Activity — Pictures do not belong in your copy. Repeat all the other data exactly.

(Saved data entries)
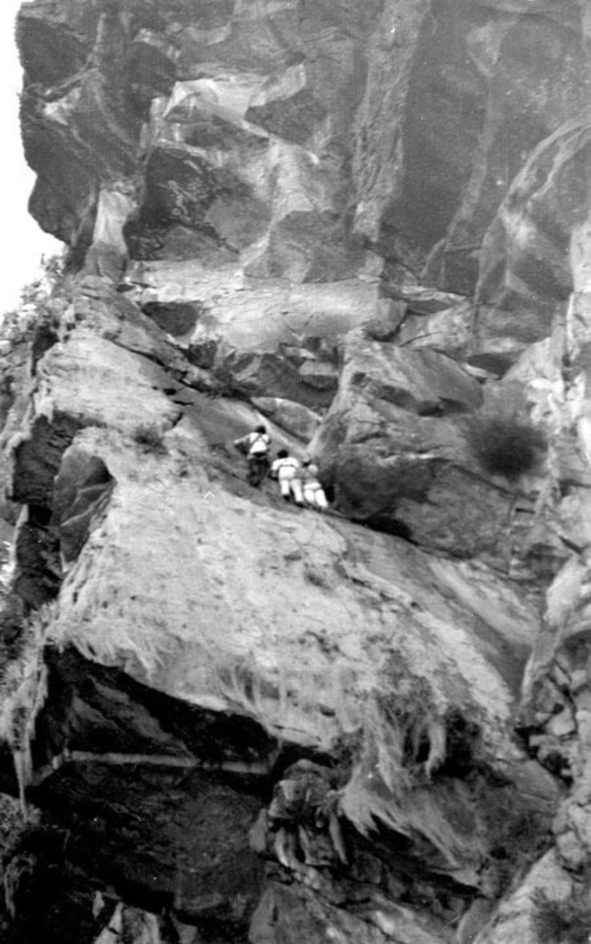 Narré a los chicos cómo el par de primos se aventuraron a treparse a las rocas de forma intuitiva, descubriendo ascensos que darían inicio a las rutas clásicas, improvisando anclajes a las rocas con los clavos de los rieles, aprendiendo de escalada con los escasos artículos que descubrían y dejándose llevar por la pasión que los invadía.
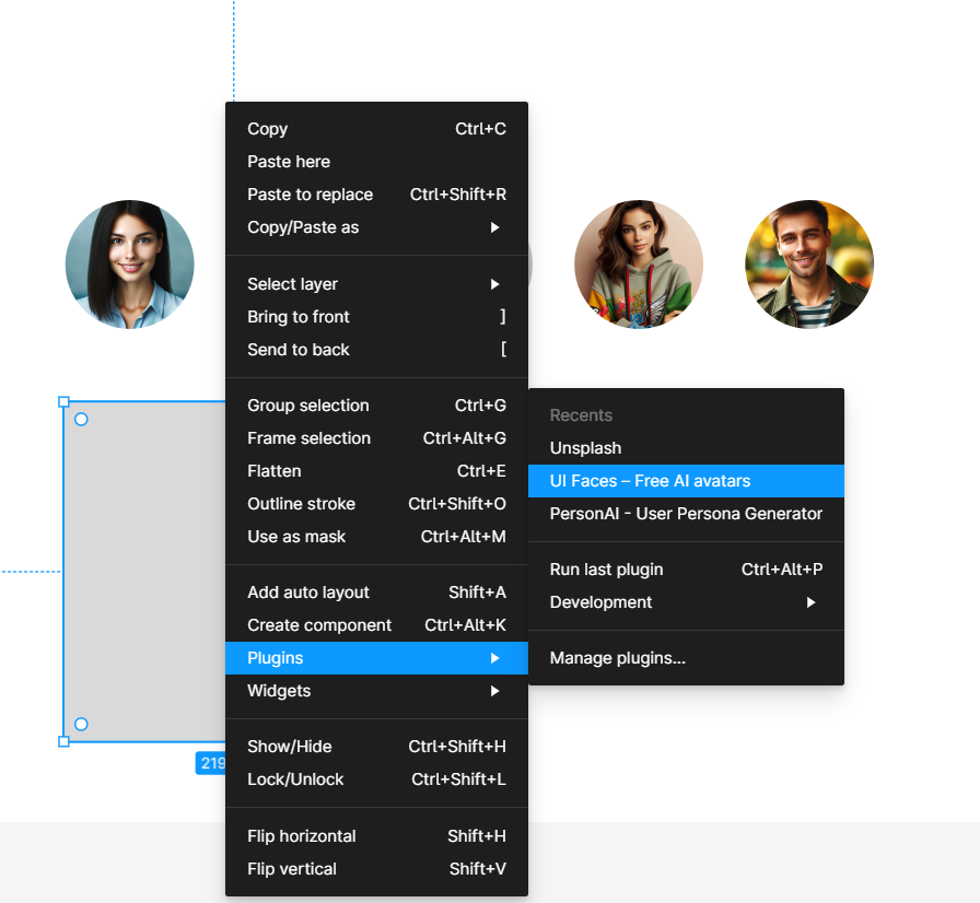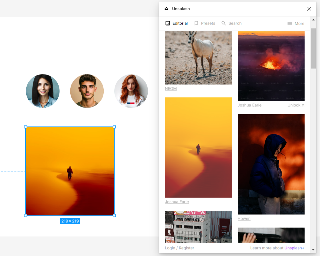 이번에는 다른 플로그인인 unsplash를 사용해 보았다. 사각형을 먼저 만들어주고 플러그인을 실행시켜 원하는 이미지를 선택해 주면 사각형에 맞게 잘 들어간 것을 볼 수 있다.
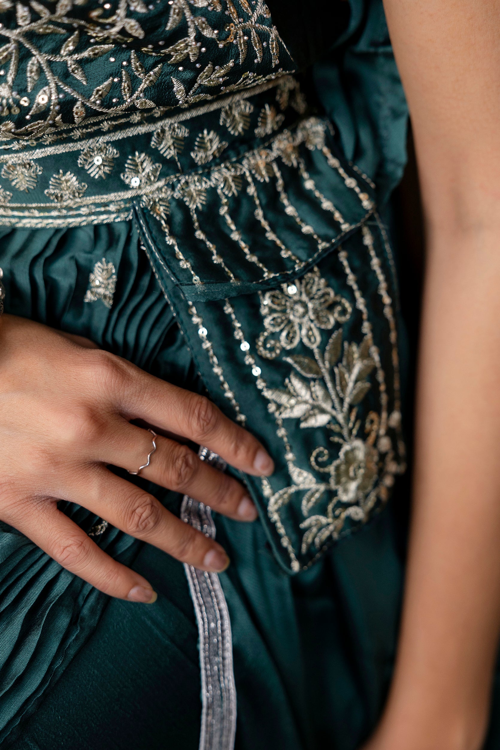 Add a touch of sophistication with this kurti featuring exquisite sequined and jari detailing that radiates elegance. Paired with a beautifully jari-worked sharara, this set offers both flair and comfort. The look is complemented by a plain, solid dupatta that enhances the outfit’s overall simplicity while showcasing the detailed craftsmanship. Perfect for festive events or evening wear, this ensemble blends traditional beauty with modern grace.
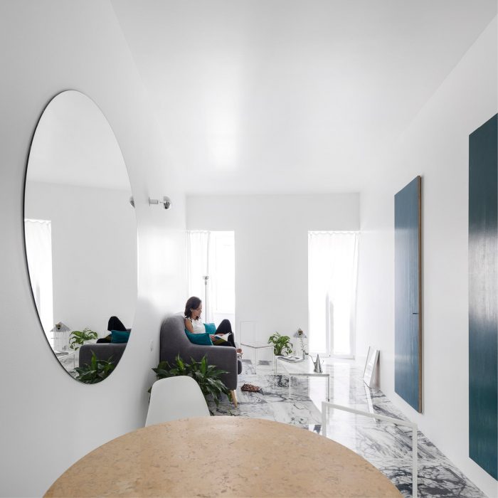 The apartment lies in an unremarkable building in Lisbon. Its obsolete fragmented typology presented a series of small rooms, some devoid of natural light, and an impractical exterior bathroom. The intervention aimed to erase these faults and to clarify the use of the available surface: a gently curved wall was extended from façade to façade, defining the limit between a vast common space and the different private rooms.
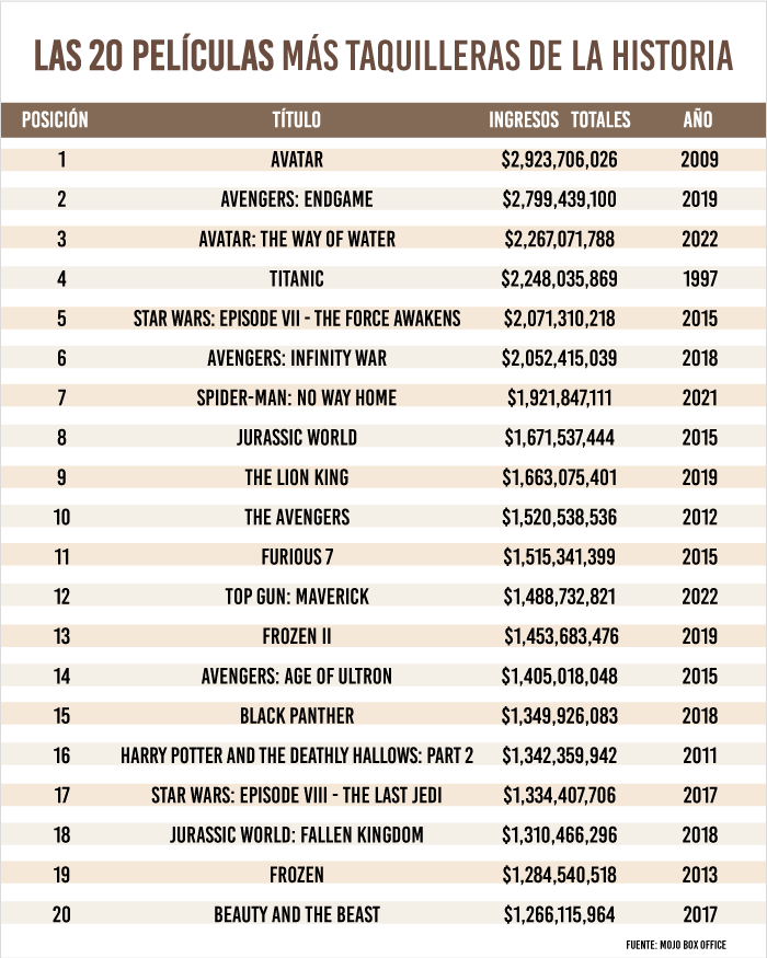 Pero el verdadero revolcón lo ha dado en los últimos tres meses Avatar: El camino del agua (Avatar: The way of wáter, 2022) de James Cameron. En su recorrido, que comenzó el 16 de diciembre y aún se mantiene, la secuela de Avatar (2009), se convirtió en la tercera más taquillera de la historia, arrebatando este puesto a Titanic (1997), también dirigida por Cameron.
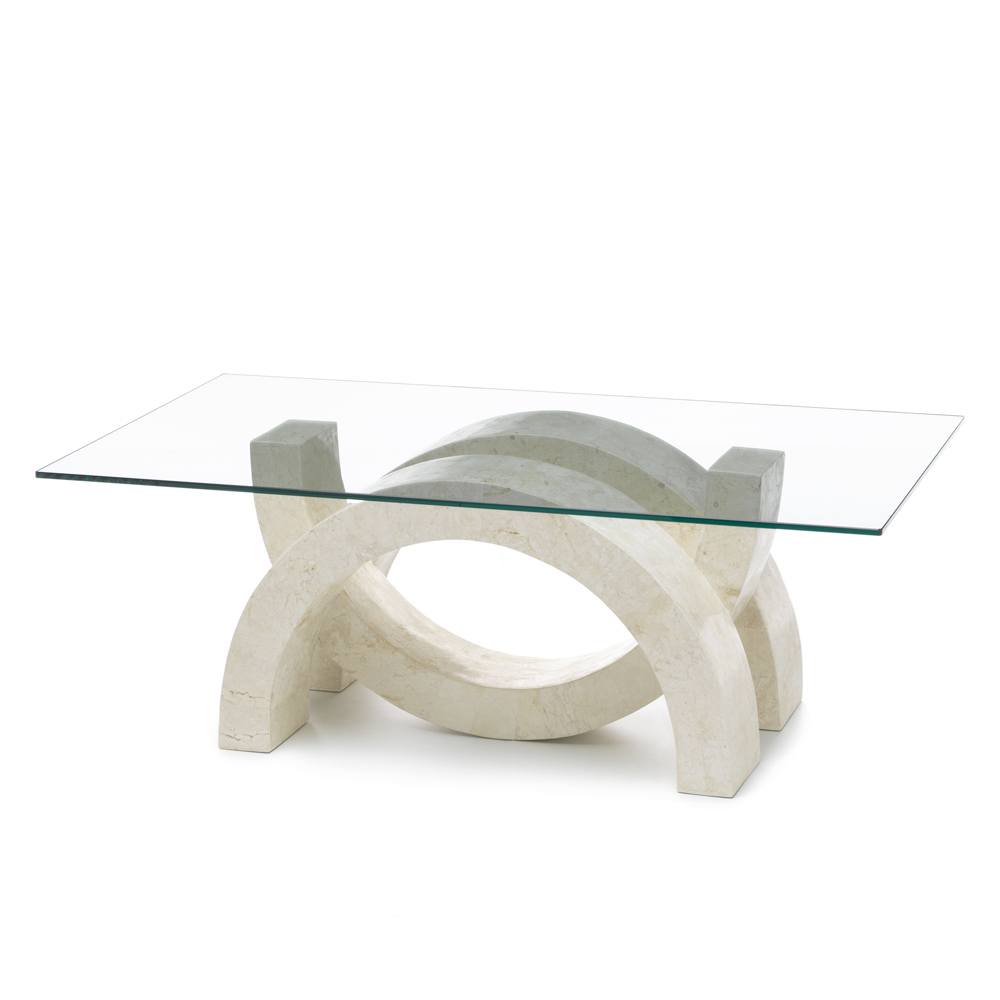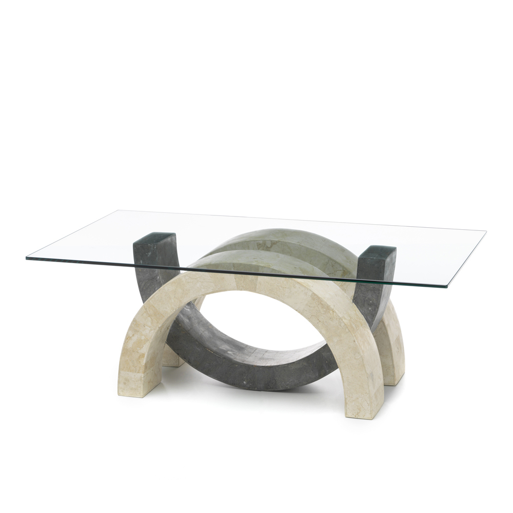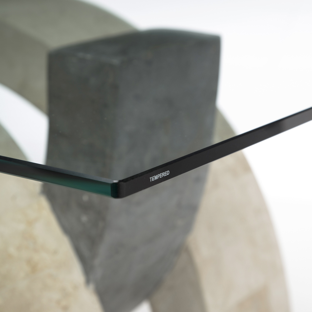 Moderner Couchtisch aus Stein und 10 mm Glasplatte, polierte Kante.
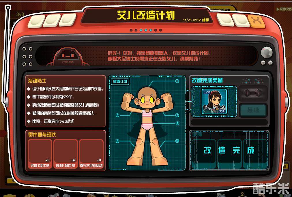 艾儿设计图可以通过大尼的研究日记中获得,获得的艾儿角色包在12月12日服务器维护后可在公服创建。完成全部改造的艾儿创建时可额外设置3点能力值,拥有3个专用动作。(投篮,篮板,正面防守)
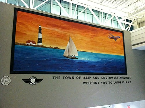 I’m always looking for examples of art on my travels. I found some in an unexpected place during my most recent business trip to Long Island, NY. I was passing through Islip’s MacArthur Airport and ran across these murals. This first one was very welcoming, as it greets as all the passengers as they disembark the plane to go and retrieve their luggage. This is one of the first things they see.
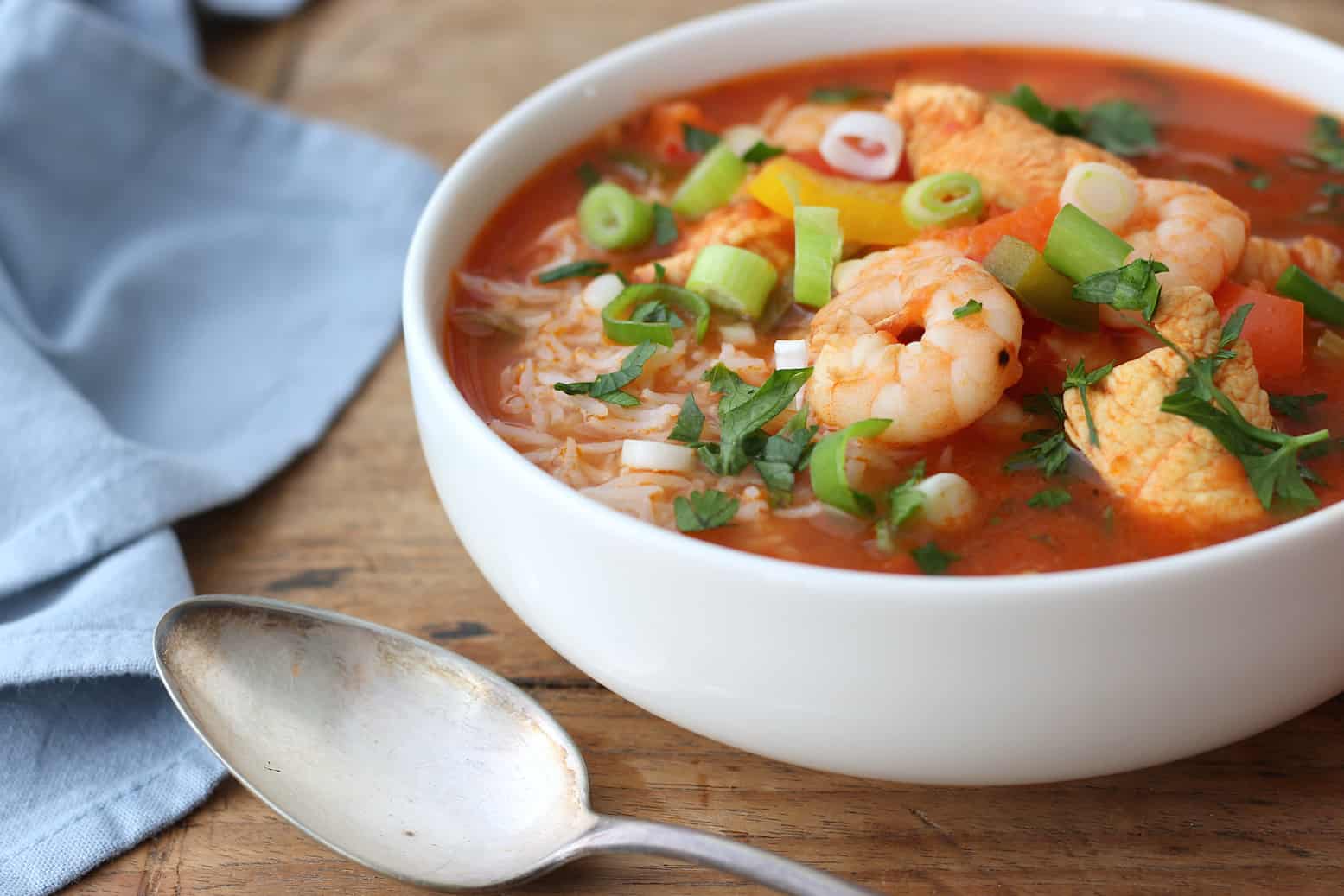 Maaltijdsoep met kip, garnalen en rijst
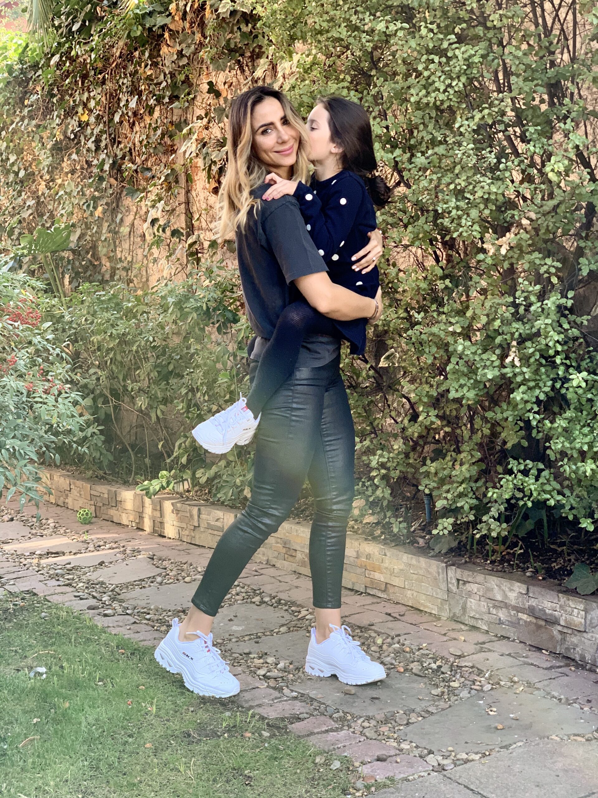 Eso sí, vestirse similares exige que encuentres looks súper cómodos y que se vean bien a toda edad, para que ninguna de las dos parezca disfrazada. Para conseguirlo, mi calzado preferido son las versátiles zapatillas de Skechers, ¡que tanto la Domi como yo amamos!
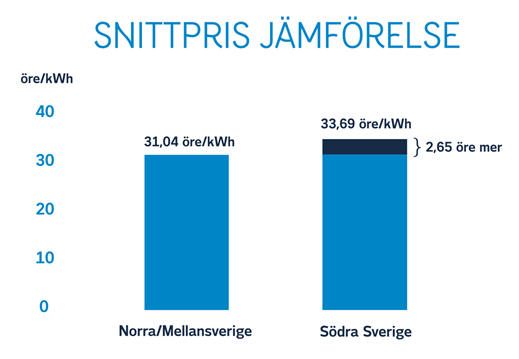 I Sverige låg snittpriset i elområde 1, 2 och 3 på 31,04 öre/kWh och i elområde 4 (södra Sverige) på 33,69 öre/kWh i november.
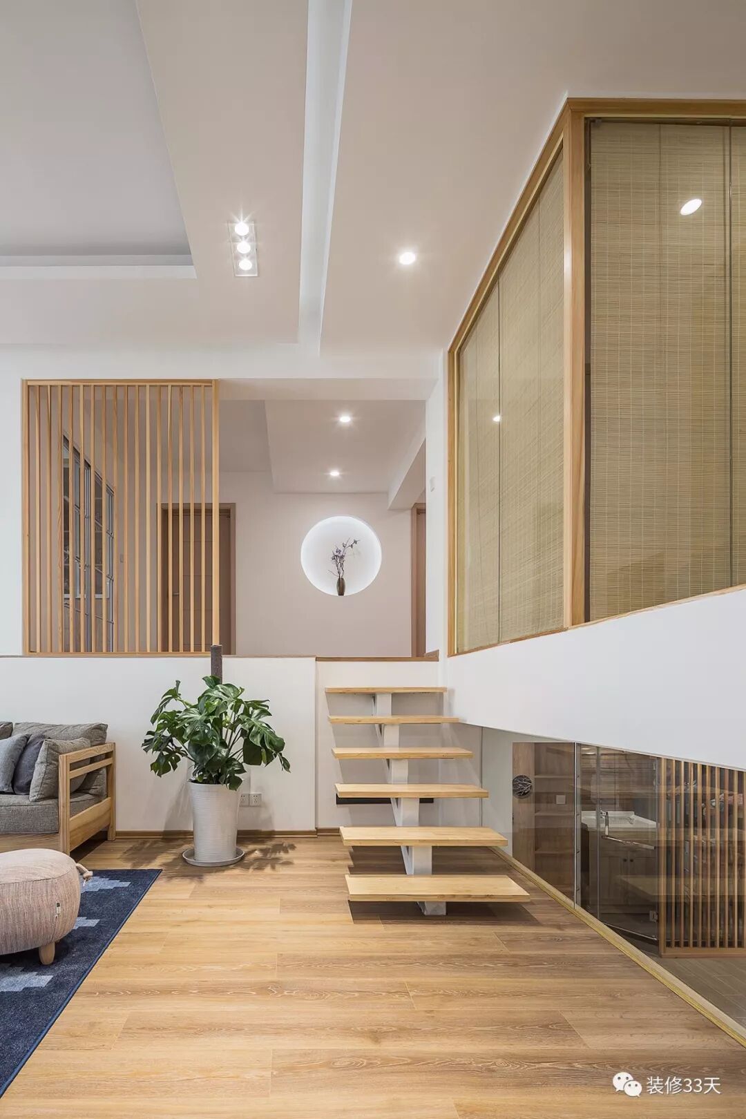 ▲ 木质楼梯清新简洁,整个客厅没有过于繁复的装饰,秉承日式风的简约实用,楼梯右下方错层布置餐厨区域
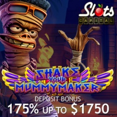 This week SlotsCapital.lv Casino invites players to join a festive dance with mummies and pharaohs while enjoying a 175% bonus, up to $1750, on the new Shake Your Mummymaker slot from Rival, March 6-12.
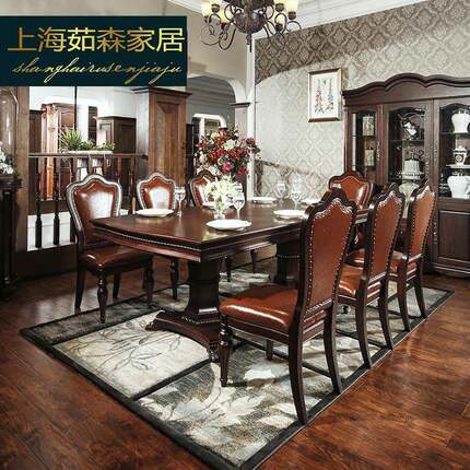 简约美式实木餐桌餐椅组合6/8人餐厅成套家具饭桌1.6米长餐桌家具
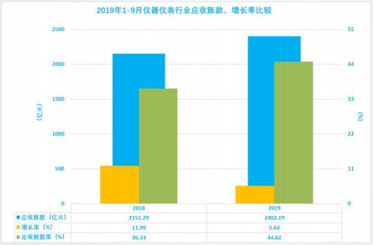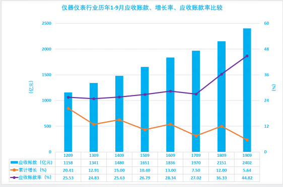 2.9 儀器儀表行業歷年1-9月應收賬款、增長率、應收賬款率比較

Task result —
 Narré a los chicos cómo el par de primos se aventuraron a treparse a las rocas de forma intuitiva, descubriendo ascensos que darían inicio a las rutas clásicas, improvisando anclajes a las rocas con los clavos de los rieles, aprendiendo de escalada con los escasos artículos que descubrían y dejándose llevar por la pasión que los invadía.
 이번에는 다른 플로그인인 unsplash를 사용해 보았다. 사각형을 먼저 만들어주고 플러그인을 실행시켜 원하는 이미지를 선택해 주면 사각형에 맞게 잘 들어간 것을 볼 수 있다.
 Add a touch of sophistication with this kurti featuring exquisite sequined and jari detailing that radiates elegance. Paired with a beautifully jari-worked sharara, this set offers both flair and comfort. The look is complemented by a plain, solid dupatta that enhances the outfit’s overall simplicity while showcasing the detailed craftsmanship. Perfect for festive events or evening wear, this ensemble blends traditional beauty with modern grace.
 The apartment lies in an unremarkable building in Lisbon. Its obsolete fragmented typology presented a series of small rooms, some devoid of natural light, and an impractical exterior bathroom. The intervention aimed to erase these faults and to clarify the use of the available surface: a gently curved wall was extended from façade to façade, defining the limit between a vast common space and the different private rooms.
 Pero el verdadero revolcón lo ha dado en los últimos tres meses Avatar: El camino del agua (Avatar: The way of wáter, 2022) de James Cameron. En su recorrido, que comenzó el 16 de diciembre y aún se mantiene, la secuela de Avatar (2009), se convirtió en la tercera más taquillera de la historia, arrebatando este puesto a Titanic (1997), también dirigida por Cameron.
 Moderner Couchtisch aus Stein und 10 mm Glasplatte, polierte Kante.
 艾儿设计图可以通过大尼的研究日记中获得,获得的艾儿角色包在12月12日服务器维护后可在公服创建。完成全部改造的艾儿创建时可额外设置3点能力值,拥有3个专用动作。(投篮,篮板,正面防守)
 I’m always looking for examples of art on my travels. I found some in an unexpected place during my most recent business trip to Long Island, NY. I was passing through Islip’s MacArthur Airport and ran across these murals. This first one was very welcoming, as it greets as all the passengers as they disembark the plane to go and retrieve their luggage. This is one of the first things they see.
 Maaltijdsoep met kip, garnalen en rijst
 Eso sí, vestirse similares exige que encuentres looks súper cómodos y que se vean bien a toda edad, para que ninguna de las dos parezca disfrazada. Para conseguirlo, mi calzado preferido son las versátiles zapatillas de Skechers, ¡que tanto la Domi como yo amamos!
 I Sverige låg snittpriset i elområde 1, 2 och 3 på 31,04 öre/kWh och i elområde 4 (södra Sverige) på 33,69 öre/kWh i november.
 ▲ 木质楼梯清新简洁,整个客厅没有过于繁复的装饰,秉承日式风的简约实用,楼梯右下方错层布置餐厨区域
 This week SlotsCapital.lv Casino invites players to join a festive dance with mummies and pharaohs while enjoying a 175% bonus, up to $1750, on the new Shake Your Mummymaker slot from Rival, March 6-12.
 简约美式实木餐桌餐椅组合6/8人餐厅成套家具饭桌1.6米长餐桌家具
 2.9 儀器儀表行業歷年1-9月應收賬款、增長率、應收賬款率比較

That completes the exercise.